Artigo – ConJur - Primeiras impressões sobre o uso da LGPD – Por Matheus Barbosa Rodrigues
Recentemente sancionada, a Lei Geral de Proteção de Dados (LGPD ou Lei nº 13.709/2018) já é utilizada como fundamento em algumas petições.
. Entre essas, consta a Ação Civil Pública nº 0730600-90.2020.8.07.0001, ajuizada pelo Ministério Público do Distrito Federal e Territórios (MPDFT), na qual já foi prolatada sentença e protocolada manifestação do Parquet.

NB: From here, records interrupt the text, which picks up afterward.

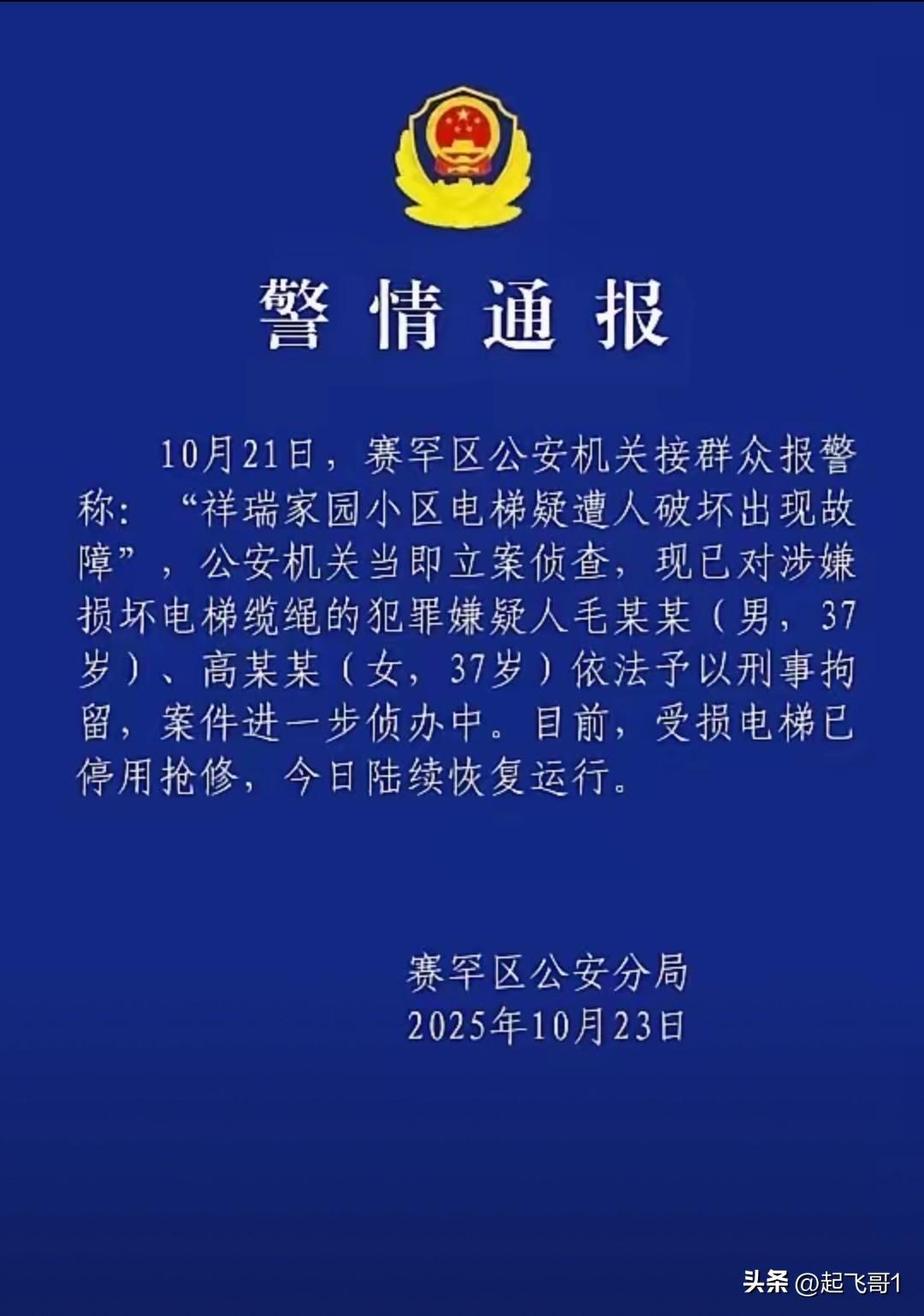 呼市有人割电梯钢丝绳,一小区50部电梯,其中23部电梯被割。 电梯是公共场合,钢丝绳被割直接影响小区居民上下楼的安全,破坏公共财物,影响公共安全。 这是发泄私愤,报复社会,严重影响他人的安全,把大多数人生命安全置于危险之中。 如果电梯在运行中因为钢丝绳被割引起发生命危险,有可能造成多人受伤甚至死亡。 严重影响公共安全,应该从重从快处理,赶快消除对社会的影响。 有这个闲心,干啥不好,这下牢饭吃个够了。而且还影响三代人。
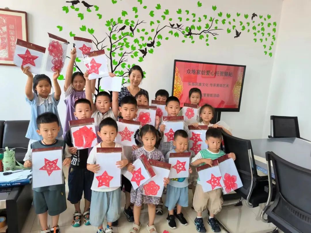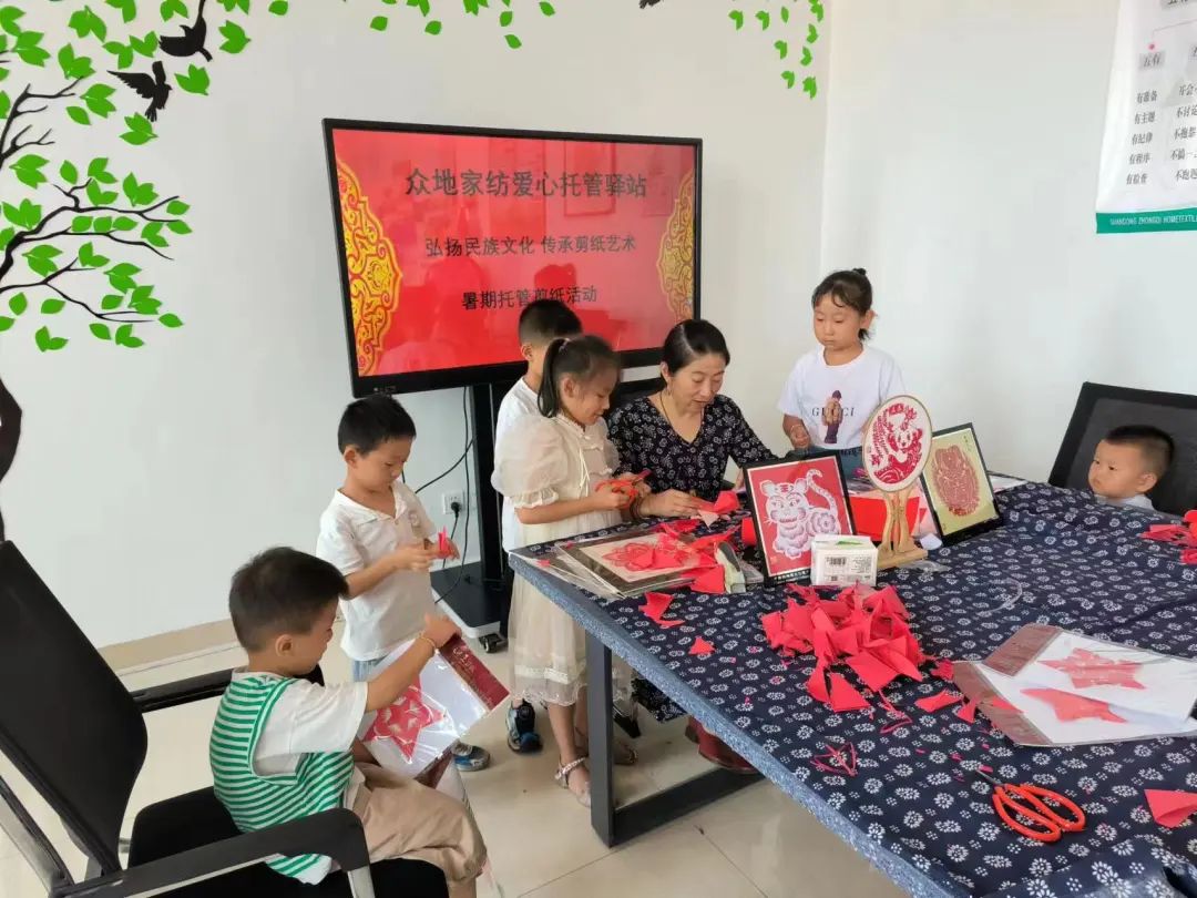2023年8月5日,为进一步培养托管班小学生对非遗文化的传承意识,众地家纺有限公司工会邀请了平度市总工会聘请的公益老师郑峰雷为托管班的孩子们上了一趟剪纸课。郑峰雷老师是平度市广州路小学美术教师,青岛市剪纸十佳传承人、“平度剪纸”市级代表性传承人、平度市民间文艺家协会副主席,平度市社会新阶层人士联谊会理事;非常感谢郑老师利用假期时间自备工具和材料为我们提供公益服务。
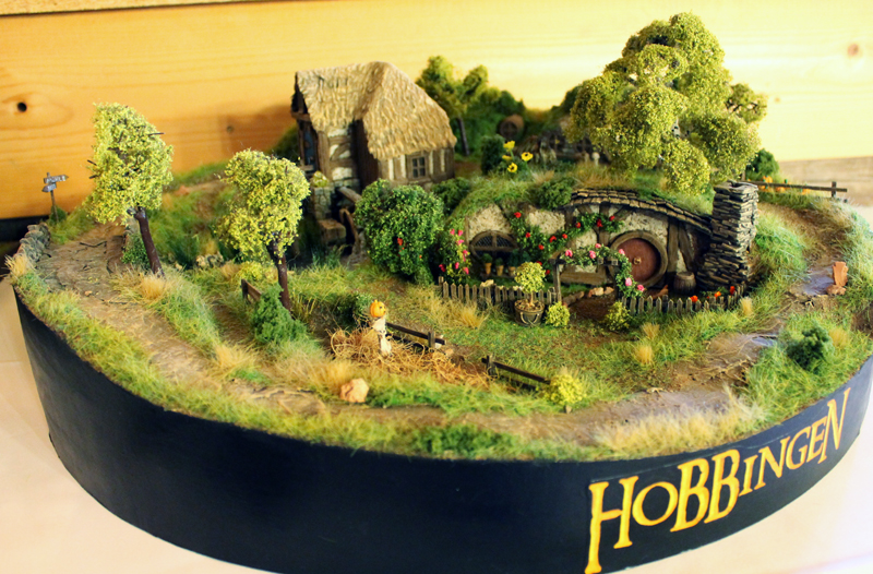 Sehr gut gefiel mir auch das Rahmenprogramm der Veranstaltung. Es gab einen schönen Mal- und Fotoworkshop von Daniel, der auch seine unglaublichen Figuren ausgestellt hatte. Im Ausstellungsbereich zeigten außerdem viele begnadete Maler und Modellbauer ihre Kunstwerke. Sehr Stimmungsvoll war die kleine „Hobbingen“-Platte von Thomas. Kaum zu übersehen war das gigantische „Sandkasten“-Diorama der Truppe um Peter, welches das Lager der Rohirrim vor ihrem „großen Ritt“ zeigte. Die Szene befindet sich immer noch im „WIP“ Status und soll am Ende einmal 6.000 Reiter beinhalten! Am Samstagabend rundeten noch zwei Vorträge „Beowulf“ von Gotzmog und eine Diavortag über die Herr-der-Ringe Schauplätze in Neuseeland (von mir selbst) ab.
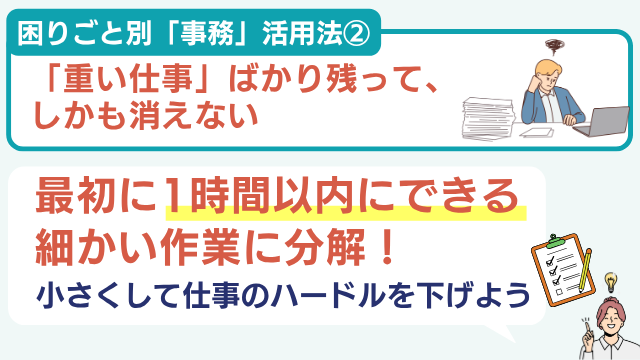 どちらも、今すぐ着手できる“等身大の作業”になります。このように「仕事の大きさをそろえる」ことで、達成感はそのままに、重い仕事にも自然と手が伸びるようになるのです。
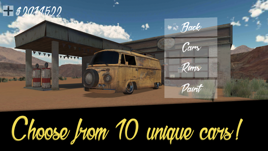 每台具有獨特的真實汽車的經典歌曲聽起來都是V8和V12的混合物,但是首先,您以4個敲門聲開始,只是為了獲得它的感覺並學會漂移。將來的更新中有更多的汽車來了。
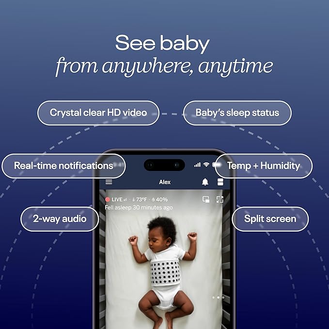 - Always-on monitoring: Check on baby from anywhere with 1080p HD video livestream, hear and speak to baby with 2-way audio monitoring, and view up to two cameras at once with Split Screen, which lets you add an additional camera for expanded smart monitoring capabilities. Enjoy features like night vision, sound + motion alerts, tracking temp + humidity of baby’s room, and soothing baby to sleep with a selection of nature sounds, white noise, or lullabies.

Em resumo, na ACP, o MPDFT soube da comercialização de dados pessoais em determinado website. Entre os dados disponíveis, segmentados por ramo de atuação profissional, estavam nome, contato para SMS, endereços eletrônico e postal, bairro, cidade, Estado e CEP. Ressalte-se, ademais, que os dados abrangiam indivíduos residentes em diversos Estados da federação. Pelo exposto, e com base, entre outros, no artigo 42, caput, e §3º, LGPD, o MPDFT requereu antecipação dos efeitos da tutela para determinar à demandada que se abstivesse de vender dados pessoais tratados de forma irregular.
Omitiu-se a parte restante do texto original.